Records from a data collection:
+---+

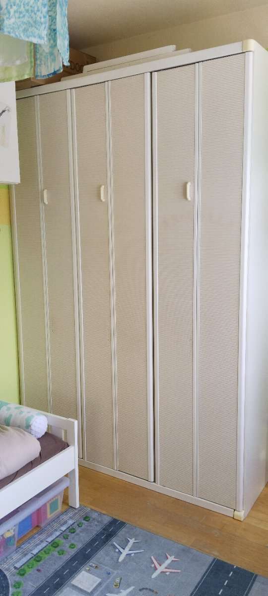 Verschenke sehr geräumigen Kleiderschrank gegen Selbstabbau und Selbstabholung im 23. Bezirk (Mauer). Maße: 220cm hoch 155cm breit 55cm tief Die Schiebetüren falten sich beim Öffnen nach Außen, was sehr praktisch ist, wenn man vor dem Schrank nicht viel...
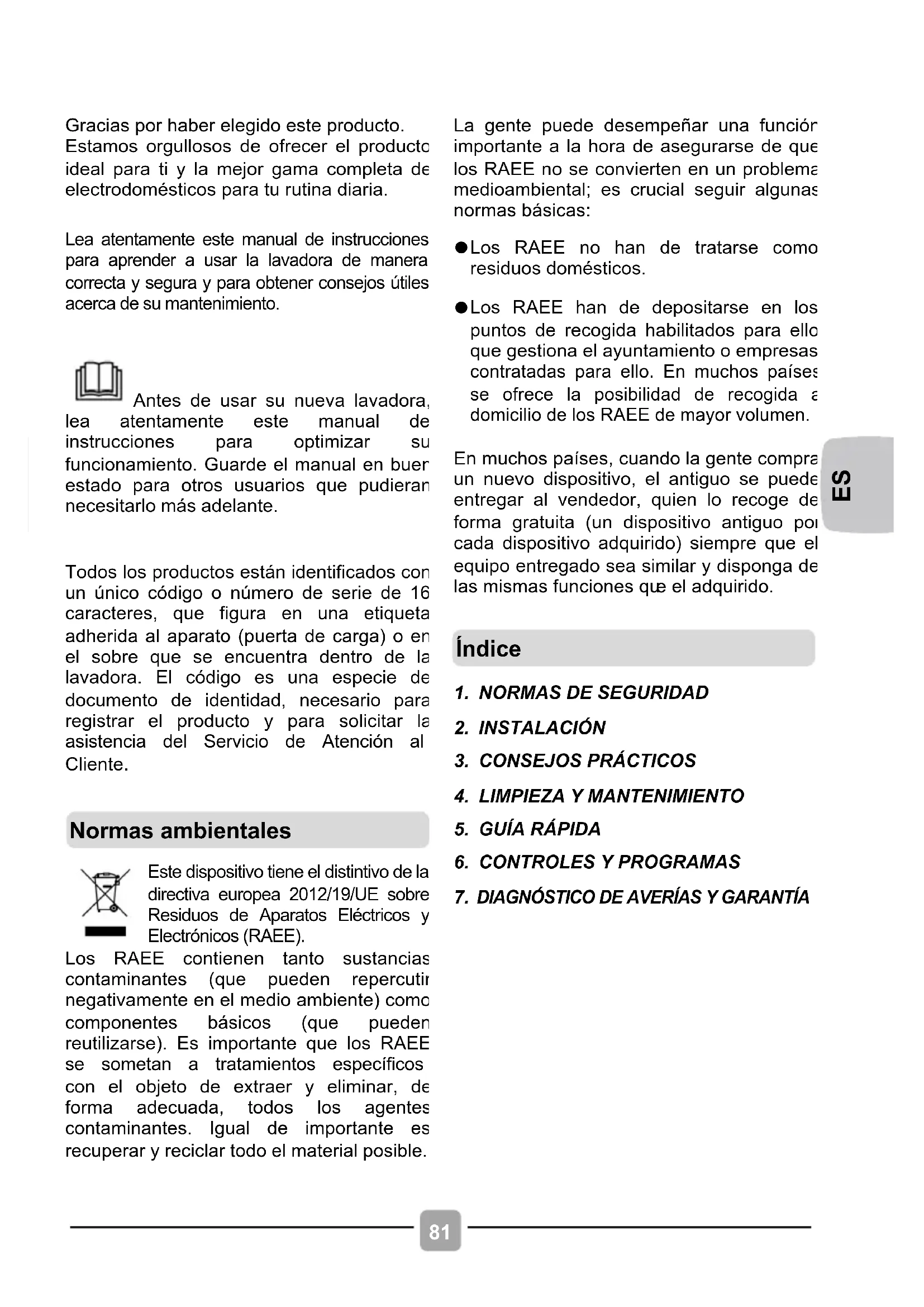 Lea atentamente este manual de instrucciones para aprender a usar la lavadora de manera correcta y segura y para obtener consejos útiles acerca de su mantenimiento.
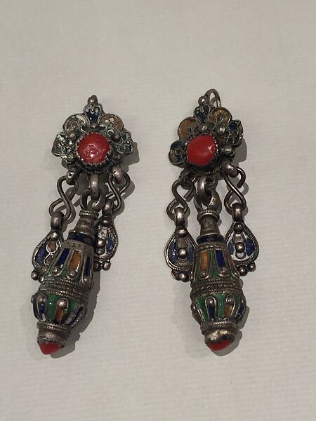 These earrings are ornamented on the recto and verso with brightly colored enamels that are typical of the Kabylie region in Algeria. Enameling techniques in North African Berber jewelry are believed to have been brought by jewelers exiled from Muslim Spain after the fifteenth century Reconquista. While coral was a much valued gemstone in Berber culture, plastic imitation is often found in jewelry from the twentieth century.
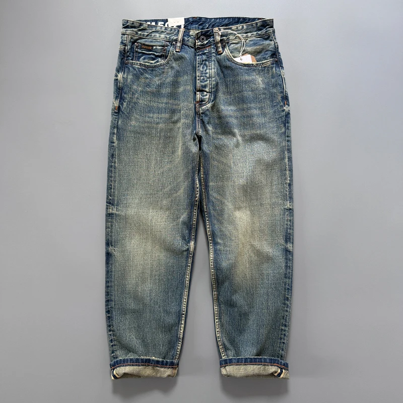 13.5oz Men's Japanese Indigo Blue Selvedge Straight Leg Denim Jeans for Men Artisan Vintage Spring W...
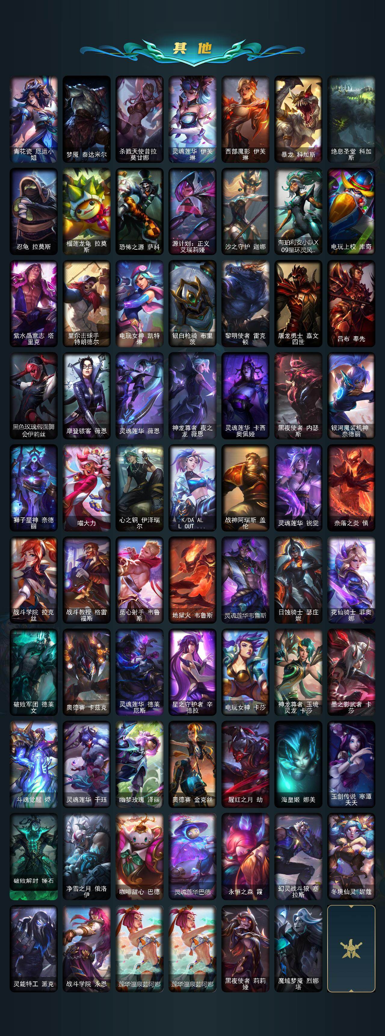 【其他皮肤1】:幽蓝梦魇加里奥,风执事加里奥,皇家守卫赵信,秘密特工赵信,星之守护者COS厄加特,幻执事乐芙兰,黑潮弗拉基米尔,屠龙勇士凯尔,哞利斯塔,沙之守护瑞兹,武仙座海格力斯赛恩,咖啡甜心希维尔,花仙子崔丝塔娜,破败军团厄运小姐,青花瓷厄运小姐,梦魇泰达米尔,杀戮天使昔拉莫甘娜,灵魂莲华伊芙琳,西部魔影伊芙琳,暴龙科加斯,绝息圣堂科加斯,忍龟拉莫斯,榴莲龙龟拉莫斯,恐怖之源萨科,源计划正义艾瑞莉娅,沙之守护迦娜,海珀利安小队X09星环灵风迦娜,电玩上校库奇,紫水晶意志塔里克,里尔击球手特朗德尔,电玩女神凯特琳,银白枪骑布里茨,黎明使者雷克顿,屠龙勇士嘉文四世,吕布奉先,黑色玫瑰假面舞会伊莉丝,摩登骇客薇恩,灵魂莲华薇恩,神龙尊者夜之龙薇恩,灵魂莲华卡西奥佩娅,黑夜使者内瑟斯,银河魔装机神奈德丽,狮子星神奈德丽,喵大力,

+---+

■ Work order ■
The answer should consist of all the records, duplicated exactly, with no images included.

■ Written answer ■
 Verschenke sehr geräumigen Kleiderschrank gegen Selbstabbau und Selbstabholung im 23. Bezirk (Mauer). Maße: 220cm hoch 155cm breit 55cm tief Die Schiebetüren falten sich beim Öffnen nach Außen, was sehr praktisch ist, wenn man vor dem Schrank nicht viel...
 Lea atentamente este manual de instrucciones para aprender a usar la lavadora de manera correcta y segura y para obtener consejos útiles acerca de su mantenimiento.
 These earrings are ornamented on the recto and verso with brightly colored enamels that are typical of the Kabylie region in Algeria. Enameling techniques in North African Berber jewelry are believed to have been brought by jewelers exiled from Muslim Spain after the fifteenth century Reconquista. While coral was a much valued gemstone in Berber culture, plastic imitation is often found in jewelry from the twentieth century.
 13.5oz Men's Japanese Indigo Blue Selvedge Straight Leg Denim Jeans for Men Artisan Vintage Spring W...
 【其他皮肤1】:幽蓝梦魇加里奥,风执事加里奥,皇家守卫赵信,秘密特工赵信,星之守护者COS厄加特,幻执事乐芙兰,黑潮弗拉基米尔,屠龙勇士凯尔,哞利斯塔,沙之守护瑞兹,武仙座海格力斯赛恩,咖啡甜心希维尔,花仙子崔丝塔娜,破败军团厄运小姐,青花瓷厄运小姐,梦魇泰达米尔,杀戮天使昔拉莫甘娜,灵魂莲华伊芙琳,西部魔影伊芙琳,暴龙科加斯,绝息圣堂科加斯,忍龟拉莫斯,榴莲龙龟拉莫斯,恐怖之源萨科,源计划正义艾瑞莉娅,沙之守护迦娜,海珀利安小队X09星环灵风迦娜,电玩上校库奇,紫水晶意志塔里克,里尔击球手特朗德尔,电玩女神凯特琳,银白枪骑布里茨,黎明使者雷克顿,屠龙勇士嘉文四世,吕布奉先,黑色玫瑰假面舞会伊莉丝,摩登骇客薇恩,灵魂莲华薇恩,神龙尊者夜之龙薇恩,灵魂莲华卡西奥佩娅,黑夜使者内瑟斯,银河魔装机神奈德丽,狮子星神奈德丽,喵大力,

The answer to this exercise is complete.